# TASK GOAL
Without the pictures, restate all of the data below word for word.

▬▬▬

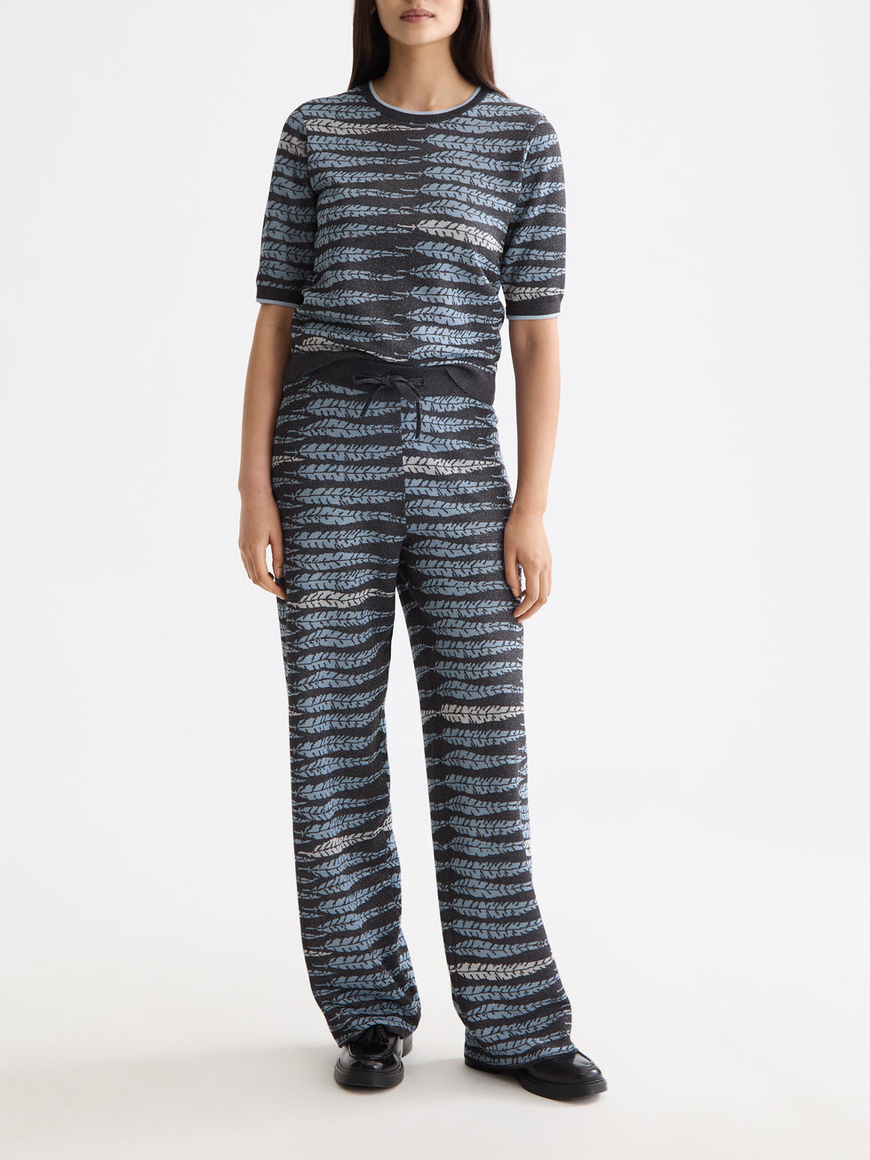 This shimmering knit tee brings retro flair into the present with its lurex jacquard weave—think vintage vibes meets contemporary edge. The glittering texture adds just enough sparkle to turn heads without trying too hard, while the classic silhouette keeps things wearable for everyday moments that deserve a little extra shine.
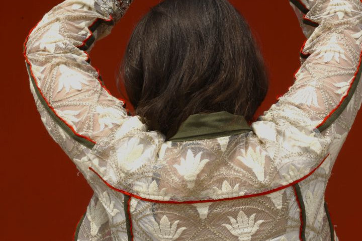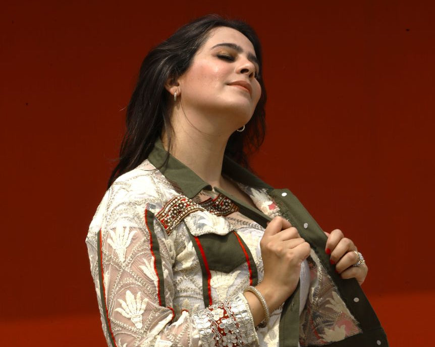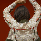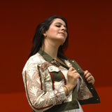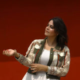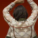 - This cropped jacket is a breath of fresh air with its light cream embroidered panels on the back, front and sleeves and just the right amount of cherry red embellishments and khaki accents.
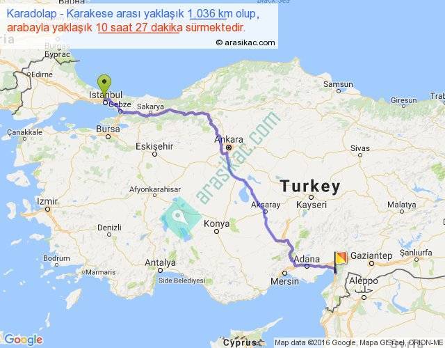 Karadolap - Karakese arası yaklaşık olarak 90 km/h ile yukarıda belirtilen sürede olup, iki yerin kuş uçuşu uzaklığı (mesafesi) 785'dir. Eğer belirtilen yerler arasında uçak seferi var ise bu süre uçakla 1 saat 12 dakika'ya kadar düşebilir. Yolculuk otobüsle 13 saat 35 dakika sürmektedir.
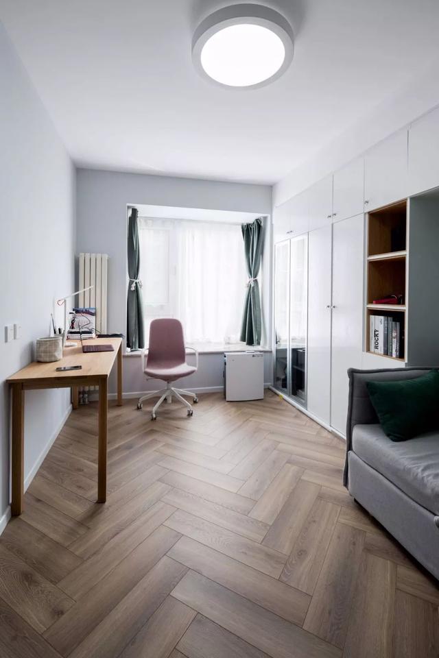 ▲次卧是暂时是作为一个书房来使用,靠着墙面摆放一个轻便的书桌,地面的木地板做人字拼的设计,让书房看起来更加宽敞。
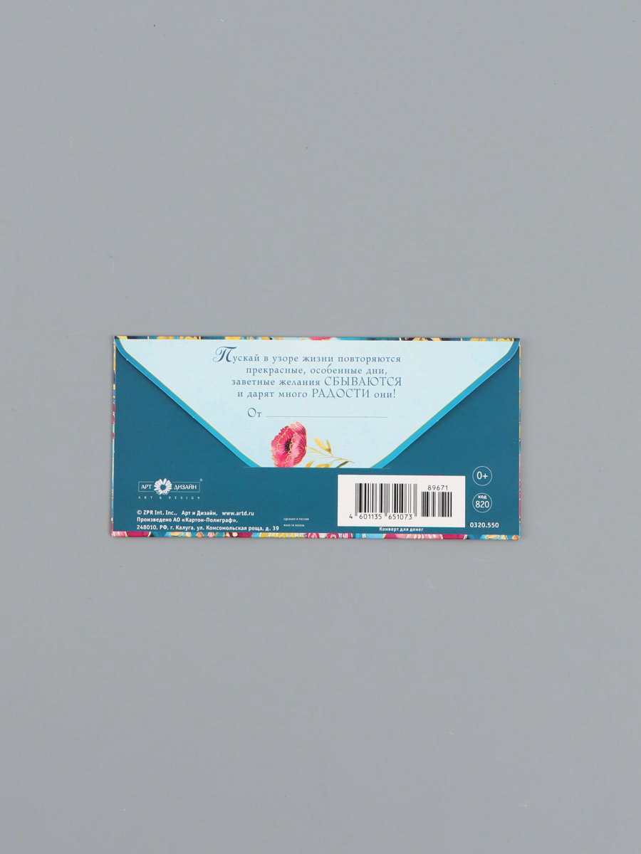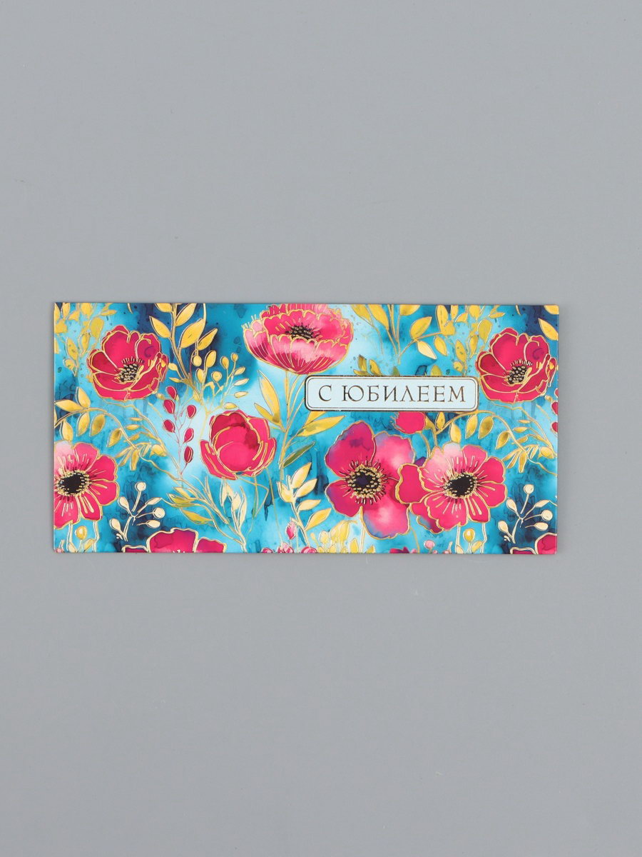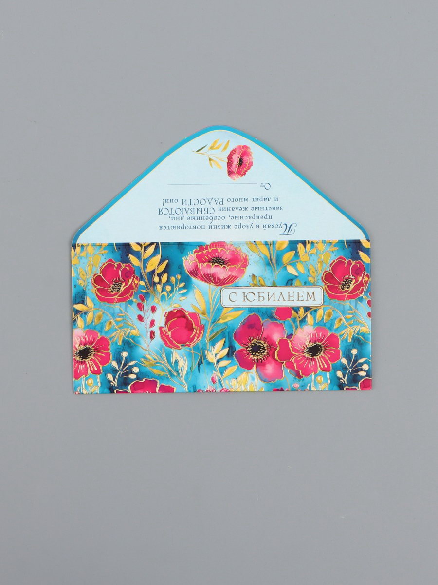 Конверт для денег "С юбилеем", розовые цветы, 16.5 x 8 см, Россия
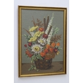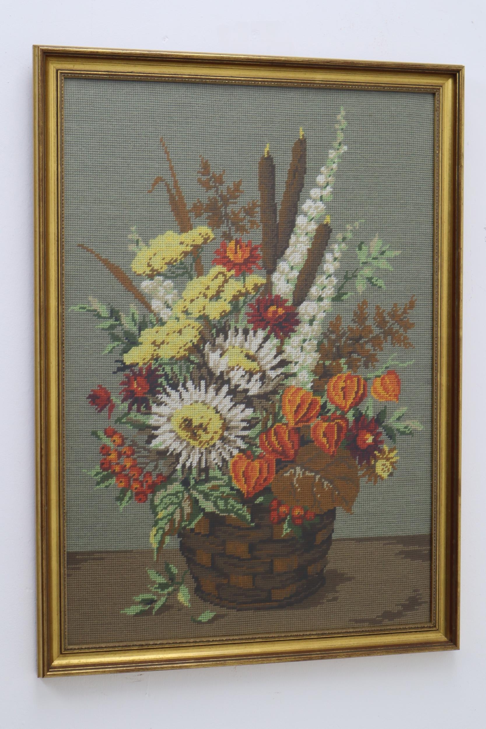 Framed and Glazed Embroidered Flowers in Vase approx 28" in Height x approx 20" in Width
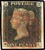 1840 1d black, plate 7 (NL) smudged red MC, 4 margins, close at top SG 2

▬▬▬

# TASK RESULT
 This shimmering knit tee brings retro flair into the present with its lurex jacquard weave—think vintage vibes meets contemporary edge. The glittering texture adds just enough sparkle to turn heads without trying too hard, while the classic silhouette keeps things wearable for everyday moments that deserve a little extra shine.
 - This cropped jacket is a breath of fresh air with its light cream embroidered panels on the back, front and sleeves and just the right amount of cherry red embellishments and khaki accents.
 Karadolap - Karakese arası yaklaşık olarak 90 km/h ile yukarıda belirtilen sürede olup, iki yerin kuş uçuşu uzaklığı (mesafesi) 785'dir. Eğer belirtilen yerler arasında uçak seferi var ise bu süre uçakla 1 saat 12 dakika'ya kadar düşebilir. Yolculuk otobüsle 13 saat 35 dakika sürmektedir.
 ▲次卧是暂时是作为一个书房来使用,靠着墙面摆放一个轻便的书桌,地面的木地板做人字拼的设计,让书房看起来更加宽敞。
 Конверт для денег "С юбилеем", розовые цветы, 16.5 x 8 см, Россия
 Framed and Glazed Embroidered Flowers in Vase approx 28" in Height x approx 20" in Width
 1840 1d black, plate 7 (NL) smudged red MC, 4 margins, close at top SG 2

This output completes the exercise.